_PROBLEM REQUIREMENTS_. When the line containing "Таковыми словами являются, например,Ровесник" is found in the data below, copy it and each line after it through the line containing "Below is an", exactly and with no others.

_AVAILABLE RECORDS_.
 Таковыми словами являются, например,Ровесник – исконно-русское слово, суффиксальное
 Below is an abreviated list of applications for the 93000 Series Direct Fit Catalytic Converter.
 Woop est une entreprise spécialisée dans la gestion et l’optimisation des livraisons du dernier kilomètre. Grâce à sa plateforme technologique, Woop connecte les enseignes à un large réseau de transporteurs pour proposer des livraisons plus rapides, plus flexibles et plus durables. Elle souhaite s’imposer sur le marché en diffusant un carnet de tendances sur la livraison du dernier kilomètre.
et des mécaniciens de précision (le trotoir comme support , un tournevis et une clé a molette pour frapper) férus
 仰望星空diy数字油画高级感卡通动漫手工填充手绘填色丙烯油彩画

--

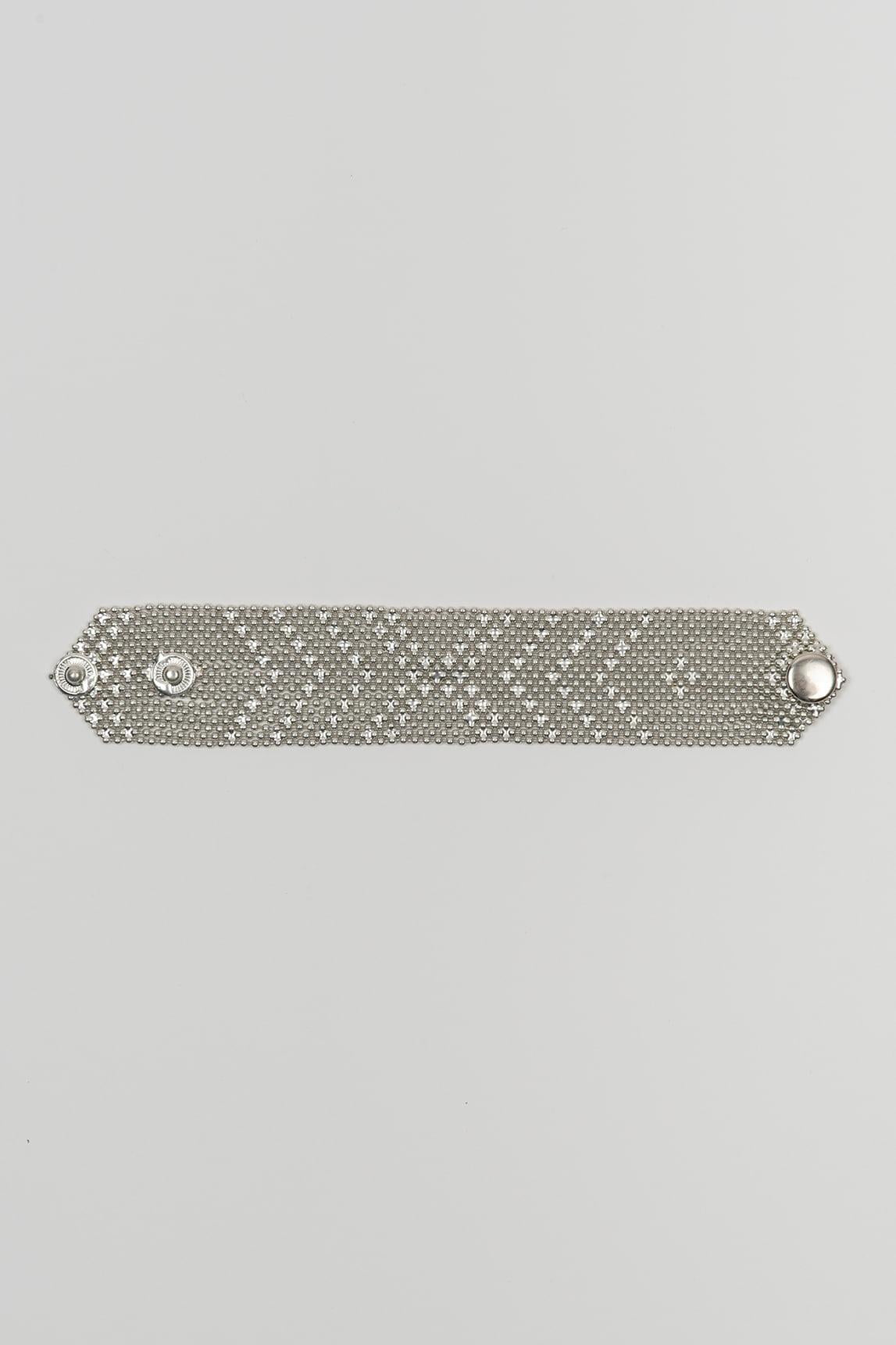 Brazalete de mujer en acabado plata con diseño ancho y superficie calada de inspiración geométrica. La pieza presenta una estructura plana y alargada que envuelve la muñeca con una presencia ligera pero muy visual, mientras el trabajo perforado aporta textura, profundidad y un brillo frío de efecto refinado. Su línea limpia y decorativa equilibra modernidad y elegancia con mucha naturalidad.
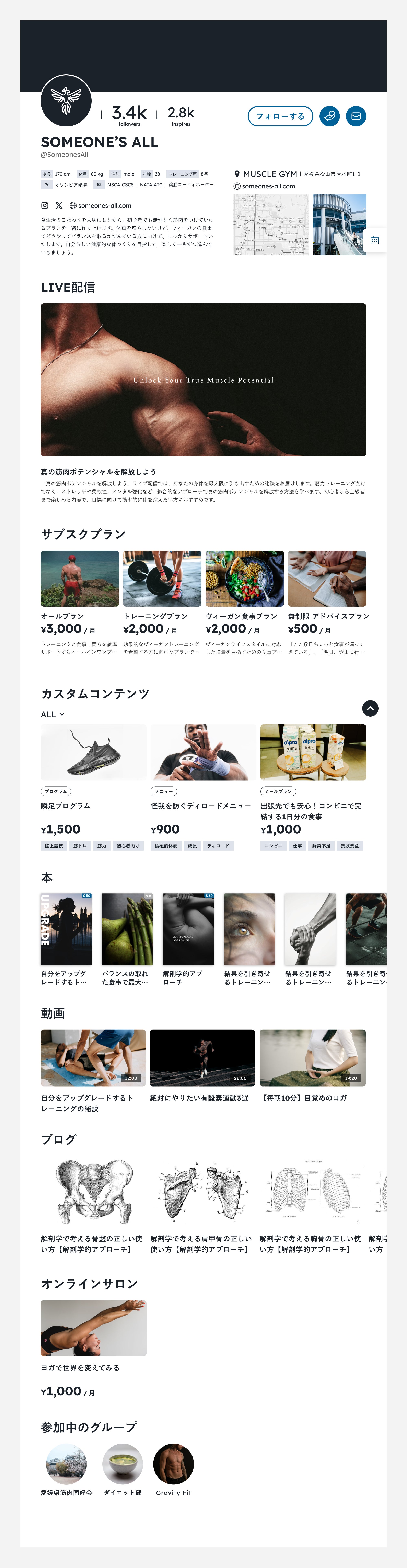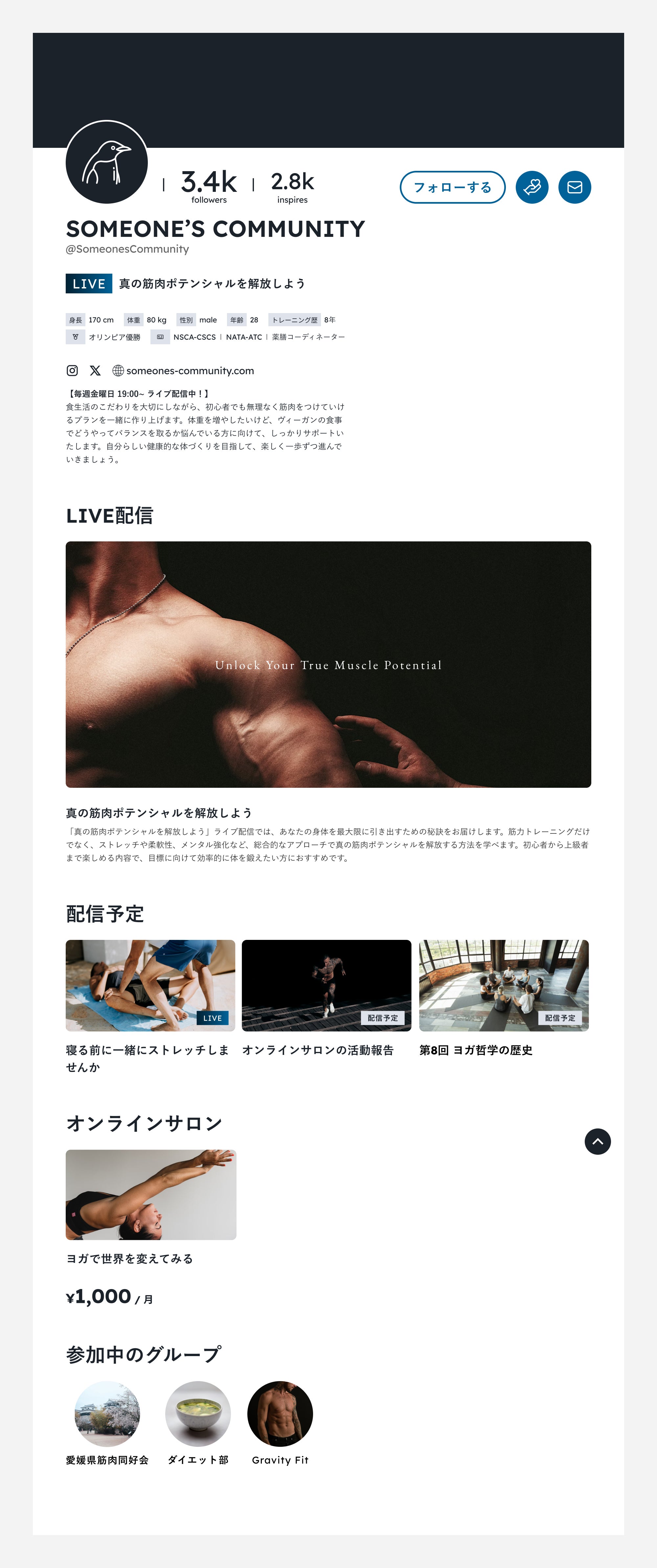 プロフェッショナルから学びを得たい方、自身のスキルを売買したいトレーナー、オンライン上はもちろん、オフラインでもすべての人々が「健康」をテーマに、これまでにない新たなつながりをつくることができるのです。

_RESULT OF THIS EXERCISE_.
 Таковыми словами являются, например,Ровесник – исконно-русское слово, суффиксальное
 Below is an abreviated list of applications for the 93000 Series Direct Fit Catalytic Converter.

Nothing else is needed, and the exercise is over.